Exercise:
Could you write out, exactly as they stand, only the lines in the listing below from the line with "Sporty og afslappet" to the line with "近日,中國(guó)食品藥品", both ends included, without the pictures?

Extracted records:
==================================================
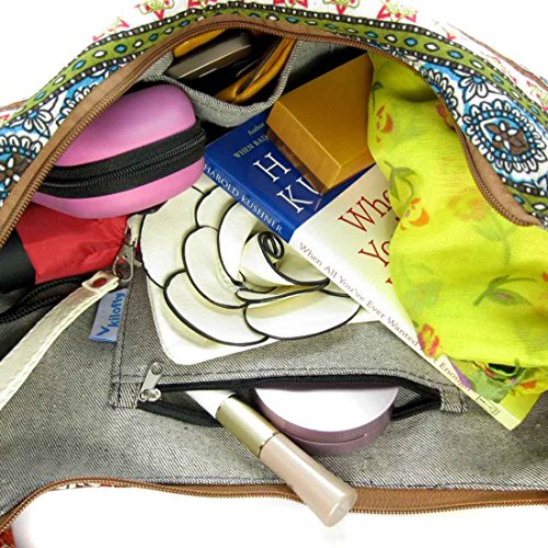 kilofly Bohemian Cloth Crossbody Bag, MiMi Series is made of cotton cloth with a unique Bohemian artistic look. With a knot tied to the small wooden ring, you can adjust the shoulder strap length, easily convert to a shoulder bag or crossbody. The wide strap lessens the pressure on your shoulder and top zipper assures the security of your personal belongings with inside pockets for sort and separation. It is perfect for school, daily outdoor activities like carrying books, laptops, personal belongings, grocery shopping or while travelling. Washing Instruction: Hand wash separately in cold water and avoid soaking; Inner denim texture may fade from frequent washing.
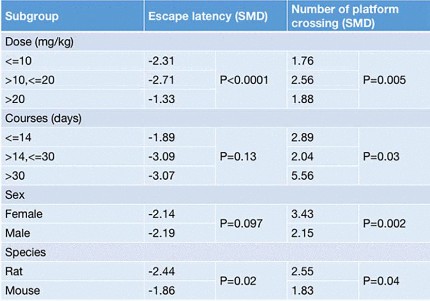 Stratified analyses of the EL and the NOPC were conducted based on the variables involved in the dosage and treatment course of G-Rg1, the animal species, and the animal sex, aiming to explore potential methodological differences that may have affected the treatment outcomes. For both the EL and the NOPC, a dosage greater than 10 mg/kg and less than 20 mg/kg was associated with more positive outcomes compared with a dosage less than 10 mg/kg or more than 20 mg/kg (EL: SMD≤10 mg/kg = −2.31, SMD>10,≤20 mg/kg = −2.71, SMD>20 mg/kg = −1.33, P < 0.0001; NOPC: SMD≤10 mg/kg = 1.76, SMD>10,≤20 mg/kg = 2.56, SMD>20 mg/kg = 1.88, P = 0.05. Figure 5). There was a significant difference in the effect of G-Rg1 on decreasing the NOPC for different treatment courses, but no significant difference on improving the EL (EL: SMD≤14 days = −1.89, SMD>14,≤30 days = −3.09, SMD>30 days = −3.07, P =0.13; NOPC: SMD≤14 days = 2.89, SMD>14,≤30 days = 2.04, SMD>30 days = 5.56, P = 0.03. Figure 5). The effect of G-Rg1 was greater in rat species than mice species for both the EL and the NOPC (EL: SMDrat = −2.44, SMDmice = −1.86, P = 0.02; NOPC: SMDrat = 2.55, SMDmice = 1.83, P = 0.04, Figure 5). In the subgroup analysis of animal sex, the effect of G-Rg1 on the NOPC was significantly larger in female mice (SMDfemale = 3.43, SMDmale = 2.15, P = 0.002, Figure 5), whereas there was no significant difference in the EL (SMDfemale = −2.14, SMDmale = −2.19, P = 0.097, Figure 5).
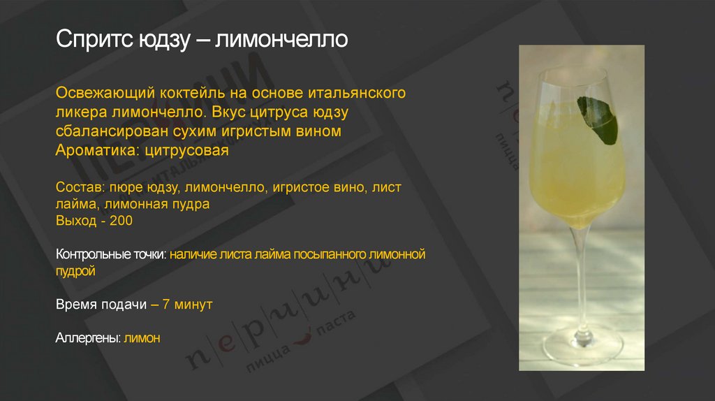 Состав: пюре юдзу, лимончелло, игристое вино, лист
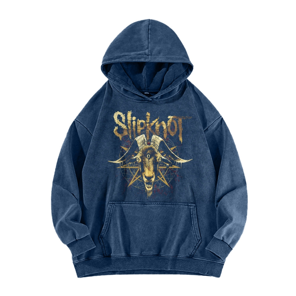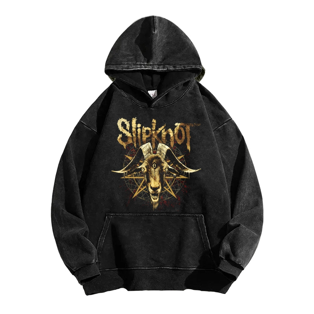 Slipknot Band Goat Head Pattern Washed Hoodie
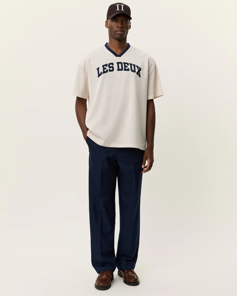 Sporty og afslappet mesh-t-shirt med tydelig reference til basketball og college-stil. Den har kasseformet pasform, V-hals med kontrast og store brystpatches, som fuldender det grafiske udtryk.
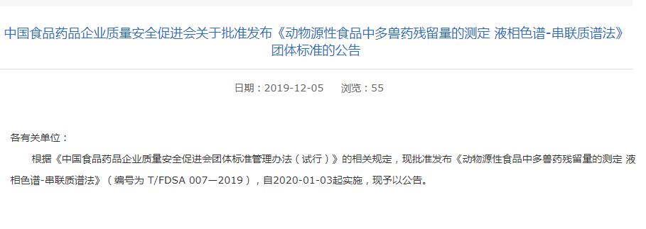 近日,中國(guó)食品藥品企業(yè)質(zhì)量安全促進(jìn)會(huì)發(fā)布了關(guān)于《動(dòng)物源性食品中多獸藥殘留量的測(cè)定 液相色譜-串聯(lián)質(zhì)譜法》團(tuán)體標(biāo)準(zhǔn)的公告。公告中稱,該標(biāo)準(zhǔn)將于2020年1月3號(hào)正式實(shí)施。
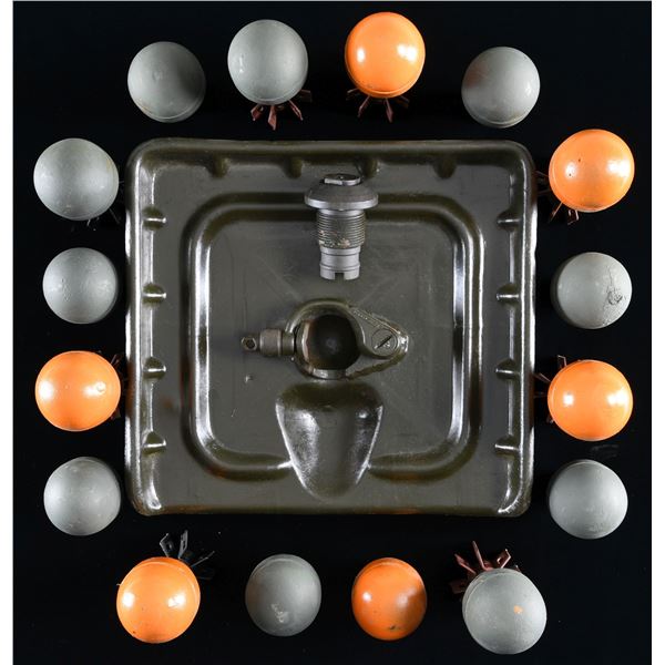 HAMILTON & SONS FIREARMS. DESTRUCTIVE DEVICE. Cal. 60MM. S# PKM601. Bbl. 30". The U.S. M19 60MM Mortar was developed during WWII to serve as a portable, lightweight mortar system that could deliver high angle fire from a reasonable distance while being fielded by ground troops. First introduced in 1942, it was used to deliver High Explosive (HE) rounds, Illumination Rounds & High Volume Smoke Rounds. The average muzzle velocity of these rounds was approximately 550 feet per second, w/ an effective range of over 5500 feet. It replaced the M2, and offered the ability to be trigger fired, rather than just a strait drop fire. It also utilized a smaller base plate than the M2 to cut back on unnecessary weight. Its use was short lived as it couldn't retain the accuracy of the M2 without the heavy base plate, and when outfitted w/ it, it was actually heavier than the M2 it was designed to replace. Though its military use in the U.S. was relatively short lived, it did see action in WWII, the Korean War and Vietnam. It is still in use today in the military of other nations. This example is painted an attractive shade of OD Green & retains the original style sling / muzzle cap. It has the correct, small base plate. This particular piece was manufactured by Hamilton & Son Firearms and is listed in the NFA Registry as a fully transferable Destructive Device. UNATTACHED ACCESSORIES: Unmarked M2 style base plate & 16 practice rounds (many w/ fins). CONDITION: Finish complete & consistent w/ almost no sign of handling or use. Uniform gray finish on tube & base plate. Bore is bright & shiny. PROVENANCE: From the Lifelong Collection of Brian Linde. NATIONAL FIREARMS ACT DESTRUCTIVE DEVICE REQUIRING BATF TRANSFER BEFORE TAKING POSSESSION. FULLY TRANSFERABLE.(03-1815/JZ). MODERN CLASS III. $3,000-6,000.
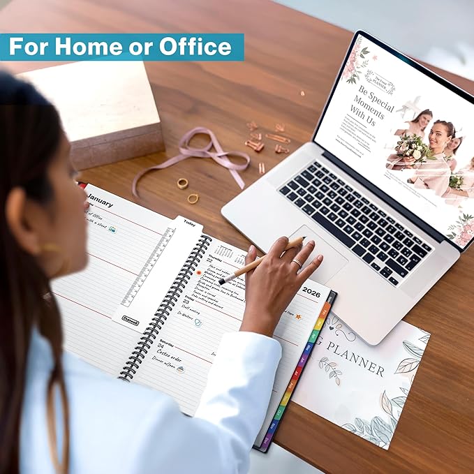 - LARGE 8.5x11 PLANNER: Jan-Dec 2026 format ideal for office and business. Bonus stickers make organizing fun. Professional design for everyday use.
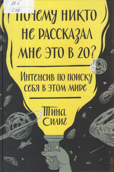 Книга «Почему никто не рассказал мне это в 20? Интенсив по поиску себя в этом мире» была написана Тиной Силиг для её сына, но пользуется успехом у многих. У такой популярности есть причина — те, кто прочитал её, признают, что их отношение к жизни и успеху изменилось. Автор этой книги является одним из лучших и любимых преподавателей у студентов университета в Стенфорде. Она учит молодых людей мыслить креативно, творчески подходить к решению учебных задач, а вместе с этим и к решению любых жизненных проблем. Достичь успеха, создать что-то новое, необычное хотят многие, но из них лишь единицам удаётся это сделать. Чаще всего проблема заключается в том, что люди создают себе определённые рамки, за которые не желают или боятся выходить. Можно сказать, что люди движутся по одной дороге, не желая сворачивать и задумываться о том, что же там происходит.
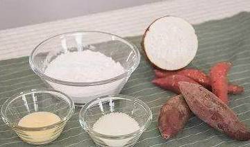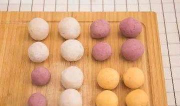 ①芋头、紫薯、地瓜用蒸烤箱蒸熟,去皮压碎
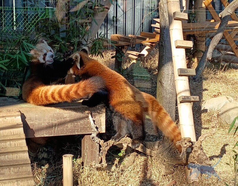 レッサーパンダ同士のじゃれあいはカワ(・∀・)イイ!! もふもふしたくなる
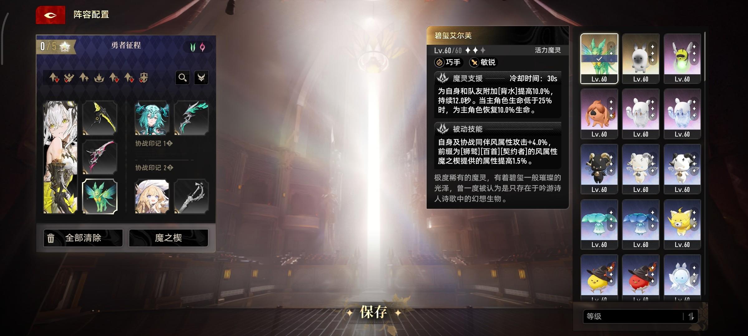 艾尔芙,带菲娜吧,菲娜对单提升很大,打精英怪和boss很快。辅助带俩防守向的魔之楔一般就死不掉了,小怪层清慢了菲娜可能会死,重开就行,boss层六命赛琪伤害够的
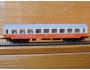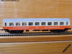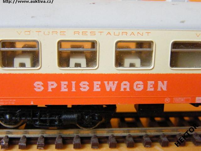 RARITA!!! Sběratelský model 4osého bufetového vozu typu REKO provedení WRge, DR, SPEISEWAGEN, epocha IV, karosérie stříkaná v úrovni oken krémovou a pod okny oranžovou i na rámu, čela celá stříkaná oranžovou, logo DR tištěné bílou uprostřed pod okny na oranžovém podkladu, číslo vozu 57 50 89 - 45 024 - 9 a popisy tištěny bílou na oranžovém podkladu i na rámu, pod okny tištěny bílou 2 větší nápisy SPEISEWAGEN na oranžovém podkladu, nad okny tištěny oranžovou nápisy na krímovém podkladu, bez směrové cedule, střecha hladká s ventilacemi stříkaná světlejší šedou, rámy oken v rozích kulaté, v oknech umělohmotný propracovaný výlisek se zvýrazněnou horní vyklápěcí částí stříbrnou, spodek vozu umělohmotný černý zaklapávací, 2osé podvozky umělohmotné černé, brzdová soustava součástí podvozku. NÁSTAVCE NA STOLEČCÍCH S OTVORY. Výrobcem BTTB koncem 80. let, kat. č. 13751. Výměnná spřáhla typu BTTB černá a kovová dvojkolí pro odběr proudu pro osvětlení vozu. Po zakoupení byl model odložen do vitríny a neježděn, je dlouho neježděn. V originální krabičce.
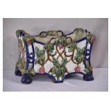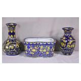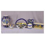 Group of 6 blue,white and yellow ceramic pieces; 951-139,133,125,154,123161 - floral designs - large vase, basket with handle (crack), vase, planter, etc. - 11x9.5x14.5 large vase
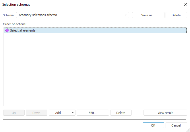 Selection schema is a repository object used in dictionary to automatically select elements based on specified criteria. Selection schemas are created as dictionary children; they are not displayed in the object navigator, but can be used in all the objects that use the parent dictionary.
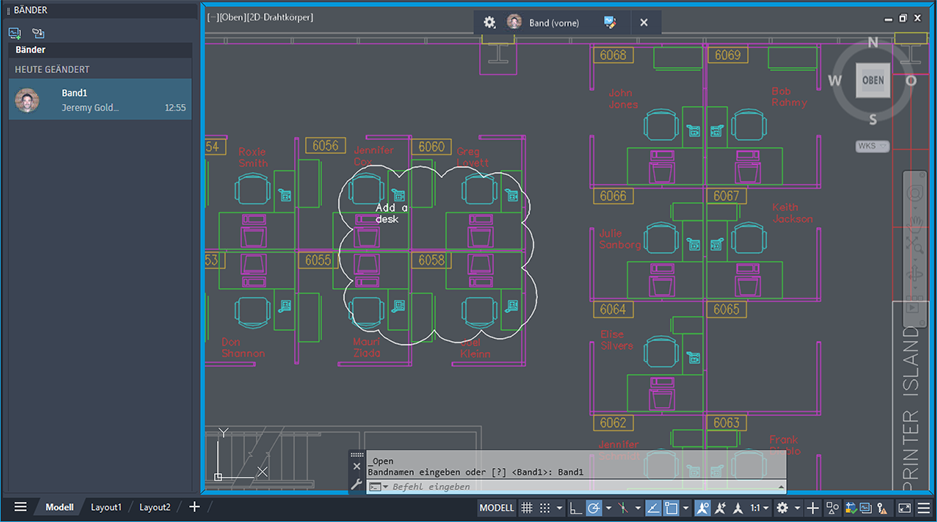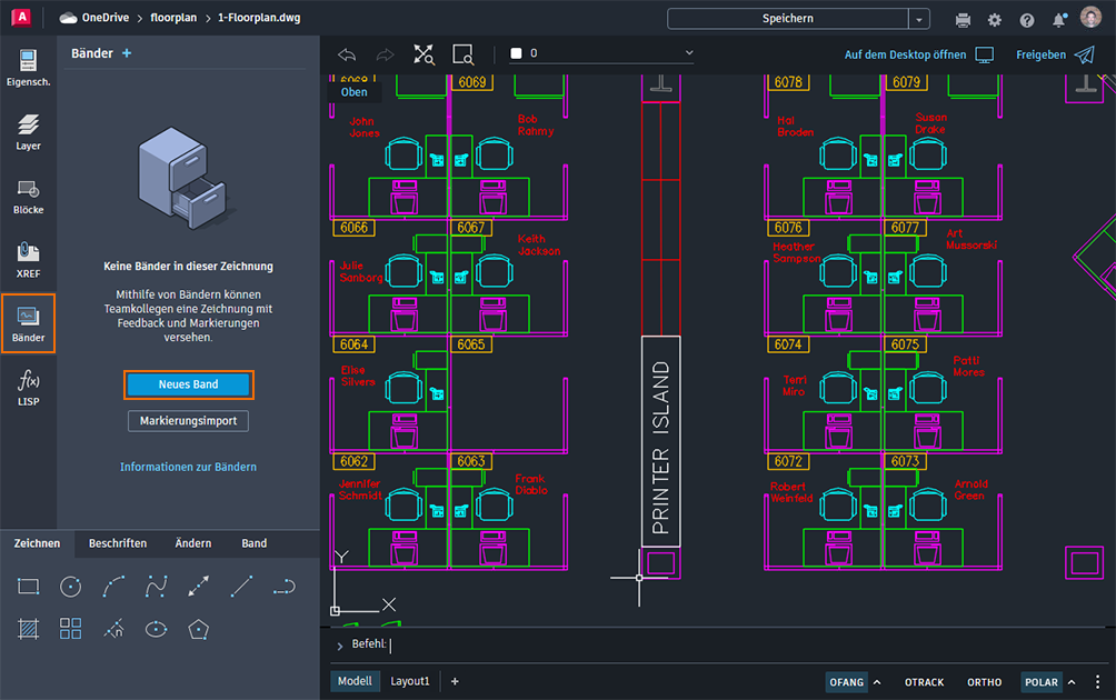 Die Funktion Band ist ab Version 2022 in den AutoCAD-Web- und Mobil-Apps und AutoCAD-basierten Produkten verfügbar. Sie bietet eine Funktion für Zusammenarbeit und Markierung, mit der Sie Änderungen an einer Zeichnung vornehmen können, ohne die vorhandene Zeichnung ändern zu müssen.
==================================================
Solution:
 Sporty og afslappet mesh-t-shirt med tydelig reference til basketball og college-stil. Den har kasseformet pasform, V-hals med kontrast og store brystpatches, som fuldender det grafiske udtryk.
 近日,中國(guó)食品藥品企業(yè)質(zhì)量安全促進(jìn)會(huì)發(fā)布了關(guān)于《動(dòng)物源性食品中多獸藥殘留量的測(cè)定 液相色譜-串聯(lián)質(zhì)譜法》團(tuán)體標(biāo)準(zhǔn)的公告。公告中稱,該標(biāo)準(zhǔn)將于2020年1月3號(hào)正式實(shí)施。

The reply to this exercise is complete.